▶ **DATA FOR PROCESSING**
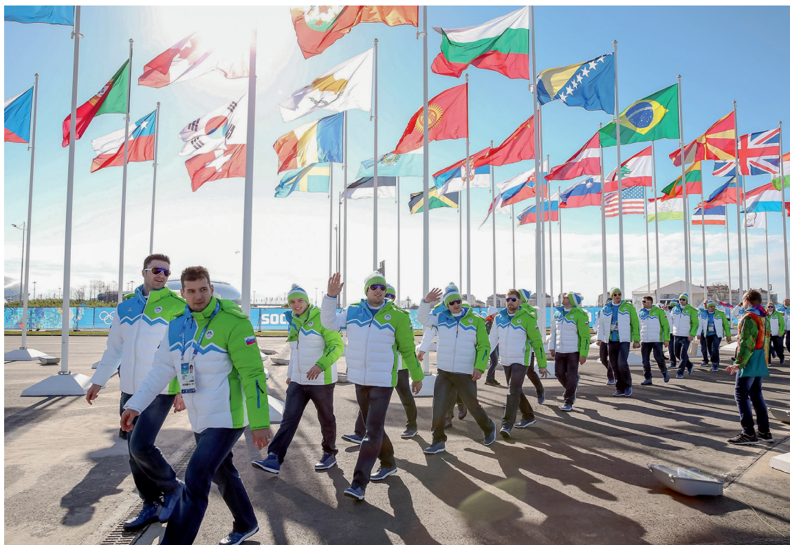
Slovenska olimpijska reprezentanca v barvah Olimpijskega komiteja Slovenije.

OKS zagotavlja tudi za vizualno poenotenje športnih društev, za kar smo v Sloveniji izbrali kombinacijo zelene, modre in bele barve. OKS športnim organizacijam svetuje, naj pri oblikovanju nacionalne športne opreme upoštevajo naslednje razmerje barv: 50 odstotkov zelene 30 odstotkov modre 20 odstotkov bele.
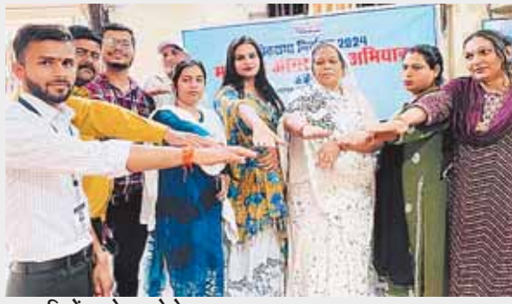
सिरोंज, दोपहर मेट्रो।

विदिशा जिले में शत-प्रतिशत मतदान हो इस हेतु जिला प्रशासन द्वारा हर स्तर पर प्रबंध सुनिश्चित किए गए हैं। 10 डेज मेगा इवेंट के अंतर्गत व्यापक स्तर पर स्वीप कार्यक्रमों का आयोजन कर जिले भर में मतदाता जागरूकता के संदेशों का प्रसारण किया जा रहा है। इसी के तहत विदिशा नगरीय क्षेत्र के थर्ड जेंडर मतदाताओं को भी मतदान के लिए अभिप्रेरित किया गया है। मतदाता जागरूकता हेतु नगर पालिका परिषद, विदिशा द्वारा
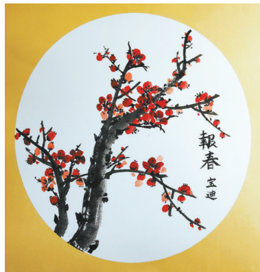
迎春 体育路小学五(1)班 王宝迪
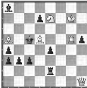
3 Miroslav Havel Stratford Express 1949 (2. Runde)
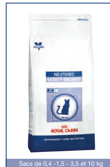
Sacs de 0,4 -1,5 - 3,5 et 10 kg

****L.I.P. (Low Indigestible Protein) : Protéine sélectionnée pour sa très haute assimilation
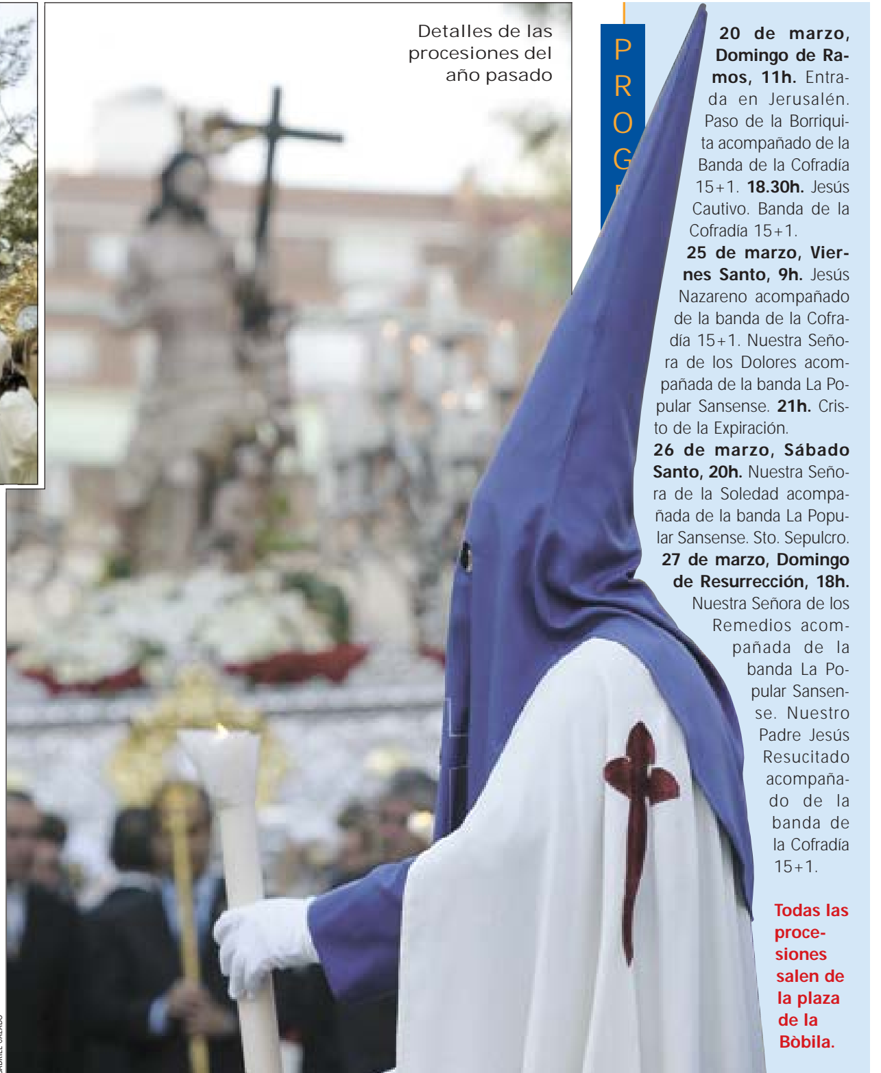
Detalles de las procesiones del año pasado

Para hacer boca y preparar la Semana Santa, la Cofradía 15+1 convocó el día 12 el primer certamen de bandas de cornetas y tambores, con la presencia de 6 grupos de otras tantas poblaciones catalanas. Cada una de las bandas salió de un punto diferente de la ciudad (cercano a Pubilla Casas) para concentrarse en la plaza de la Bòbila. La banda de la cofradía está compuesta por 50 personas, la más joven tiene 8 años y la más mayor, 29. # PILAR GONZALO
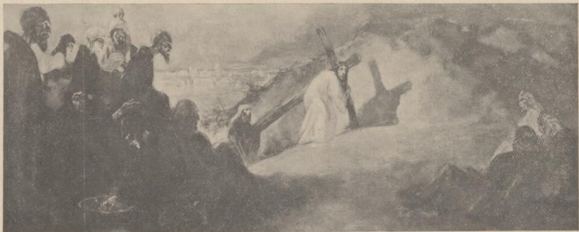
Jerusalem, dat Uw Profeten doodt!

Stil gaan de Hagenaars, die het voorrecht bezitten, lid te zijn van de instelling: Kunstzaal Kleykamp! — stil gaan de vreemdelingen, die mèer dan wij, Hollanders, wèten, dat er hier iets onvergelykelyk schoons bijeen is! — Zij dwalen door de zalen en dwalen door dien droom van eeuwen! Vreemde bloemen bloeien daar voor hun oogen; — vreemde dieren leven daar hun gedrochtelijk leven; — priesteracht en keizer-majesteit glijdt in pracht aan hunne ver-

▶ **EXERCISE DETAILS**
Your answer must be an exact copy of the listing, minus its pictures.

▶ **WRITTEN RESPONSE**
Slovenska olimpijska reprezentanca v barvah Olimpijskega komiteja Slovenije.

OKS zagotavlja tudi za vizualno poenotenje športnih društev, za kar smo v Sloveniji izbrali kombinacijo zelene, modre in bele barve. OKS športnim organizacijam svetuje, naj pri oblikovanju nacionalne športne opreme upoštevajo naslednje razmerje barv: 50 odstotkov zelene 30 odstotkov modre 20 odstotkov bele.
सिरोंज, दोपहर मेट्रो।

विदिशा जिले में शत-प्रतिशत मतदान हो इस हेतु जिला प्रशासन द्वारा हर स्तर पर प्रबंध सुनिश्चित किए गए हैं। 10 डेज मेगा इवेंट के अंतर्गत व्यापक स्तर पर स्वीप कार्यक्रमों का आयोजन कर जिले भर में मतदाता जागरूकता के संदेशों का प्रसारण किया जा रहा है। इसी के तहत विदिशा नगरीय क्षेत्र के थर्ड जेंडर मतदाताओं को भी मतदान के लिए अभिप्रेरित किया गया है। मतदाता जागरूकता हेतु नगर पालिका परिषद, विदिशा द्वारा
迎春 体育路小学五(1)班 王宝迪
3 Miroslav Havel Stratford Express 1949 (2. Runde)
Sacs de 0,4 -1,5 - 3,5 et 10 kg

****L.I.P. (Low Indigestible Protein) : Protéine sélectionnée pour sa très haute assimilation
Detalles de las procesiones del año pasado

Para hacer boca y preparar la Semana Santa, la Cofradía 15+1 convocó el día 12 el primer certamen de bandas de cornetas y tambores, con la presencia de 6 grupos de otras tantas poblaciones catalanas. Cada una de las bandas salió de un punto diferente de la ciudad (cercano a Pubilla Casas) para concentrarse en la plaza de la Bòbila. La banda de la cofradía está compuesta por 50 personas, la más joven tiene 8 años y la más mayor, 29. # PILAR GONZALO
Jerusalem, dat Uw Profeten doodt!

Stil gaan de Hagenaars, die het voorrecht bezitten, lid te zijn van de instelling: Kunstzaal Kleykamp! — stil gaan de vreemdelingen, die mèer dan wij, Hollanders, wèten, dat er hier iets onvergelykelyk schoons bijeen is! — Zij dwalen door de zalen en dwalen door dien droom van eeuwen! Vreemde bloemen bloeien daar voor hun oogen; — vreemde dieren leven daar hun gedrochtelijk leven; — priesteracht en keizer-majesteit glijdt in pracht aan hunne ver-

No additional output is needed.